BeC.: Vocês vão viajar com o "Rei da Vela"?

G. G.: Tudo indica que a gente vá para São Paulo e vamos fazer duas viagens pelo estado do Rio. Com "Melodrama", devemos ir para Portugal, acho que em outubro, talvez para a Espanha, mas ainda não sabemos quando.

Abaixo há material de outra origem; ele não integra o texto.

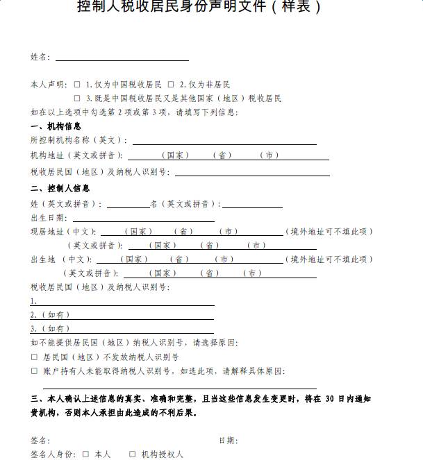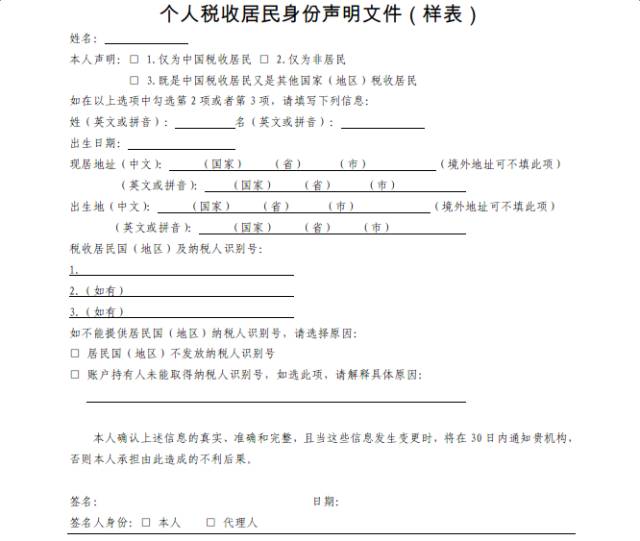 为此,管理人至少需要在基金认购签约文件中加入《个人税收居民身份声明文件》、《机构税收居民身份声明文件》、《控制人税收居民身份声明文件》等为履行非居民金融账户涉税信息尽职调查所要求的相关文件。以下声明文件表格仅供参考,各基金管理人可以在此基础上进行修改完善,制定符合自身业务需要的声明文件,或者与本机构其他业务文件进行整合,只要能够体现出下列表格中的相关信息即可。

BeC.: E o futuro, a Cia tem projetos?

G. G.: No momento a Companhia não está bolando nenhum projeto específico. Eu tenho alguns projetos com outras pessoas. Eu tenho um grande desejo de escrever, colocar minhas idéias no papel. No processo do "Rei da Vela", eu participei de uma forma além do ator, eu fiz a coreografia. Como é uma companhia, todo mundo palpita, acrescenta, e nada é de ninguém. O diretor não dirigiu sozinho, quem coreografou não o fez sozinho, então cada um tem o seu setor, mas tem idéias de todo mundo. Esse é o espírito da nossa Companhia. Eu percebi lá dentro algo muito pessoal, uma facilidade de criar textos na hora do improviso. Como no Andrews eu adaptava todas as peças, resolvi que quero escrever uma peça, tentar isso. Então eu estou lendo bastante, me preparando. Talvez roteirizar, assumir mais as idéias. Eu dirigi também um musical chamado "Galinhas, Um Melodramas de Penas", "Enganado, Surrado e... Contente", e dirigi e roteirizei o meu show "A Flor e o Samba". É muito bom você ter uma idéia, sentar na sua casa, criar e aquilo virar um espetáculo. É fascinante e eu tenho vontade de fazer mais isso.